Art. 1.262 – Aplia-se à usucapião das coisas móveis o disposto nos arts. 1.243 e 1.244.
Lei 10.406/2002 – Acesso em 02/03/2026
O Artigo 1.262 do Código Civil de 2002 estabelece uma importante remissão normativa, determinando que se apliquem à usucapião de coisas móveis as disposições contidas nos artigos 1.243 e 1.244 do mesmo diploma legal. Essa remissão é crucial para a compreensão do instituto, pois preenche lacunas e uniformiza o tratamento de aspectos processuais e materiais da usucapião, independentemente da natureza do bem. A usucapião, em sua essência, é um modo originário de aquisição da propriedade pela posse prolongada, mansa, pacífica e com animus domini, e sua aplicação a bens móveis possui particularidades que exigem essa integração normativa.
Os artigos 1.243 e 1.244, aos quais o Art. 1.262 faz referência, tratam, respectivamente, da sucessão na posse (accessio possessionis e successio possessionis) e da causa da posse. O Art. 1.243 permite que o possuidor some à sua posse a dos seus antecessores, desde que contínuas e pacíficas, para fins de contagem do prazo aquisitivo. Já o Art. 1.244 veda a aquisição por usucapião de bens cuja posse derive de atos de mera permissão ou tolerância, ou que sejam objeto de violência ou clandestinidade, reforçando a necessidade de posse qualificada. A aplicação dessas regras aos bens móveis é fundamental para determinar a legitimidade e o prazo da posse, elementos essenciais para a configuração da usucapião.
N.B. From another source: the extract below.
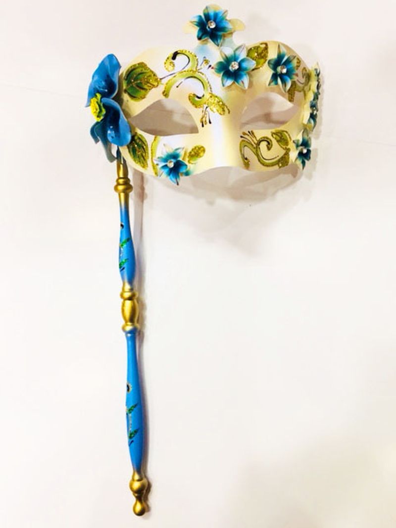 Mavi Renk Çiçek İşlemeli Tutmalı Venedik Göz Maskesi 33x17 cm

Na prática advocatícia, a interpretação do Art. 1.262, em conjunto com os artigos remetidos, é vital para a propositura ou defesa em ações de usucapião de bens móveis. Questões como a comprovação da continuidade da posse, a análise da boa-fé e a distinção entre posse ad usucapionem e posse precária são frequentemente debatidas. A jurisprudência tem consolidado o entendimento de que a posse deve ser exercida com ânimo de dono, sem interrupções e sem oposição, para que se configure o direito à usucapião. Conforme análises realizadas pelo sistema de inteligência artificial jurídica Redizz, que mapeia a legislação brasileira, a correta aplicação desses preceitos é determinante para o sucesso das demandas.
A doutrina, por sua vez, discute a extensão da aplicação subsidiária, ponderando se outras normas da usucapião imobiliária poderiam ser analogicamente aplicadas aos bens móveis, além das expressamente mencionadas. Contudo, a interpretação predominante é restritiva, limitando a remissão aos artigos 1.243 e 1.244, dada a especificidade da usucapião de bens móveis, que possui prazos e requisitos próprios (Arts. 1.260 e 1.261 do CC). A clareza na aplicação dessas normas é crucial para evitar insegurança jurídica e garantir a efetividade do instituto da usucapião no âmbito dos bens móveis.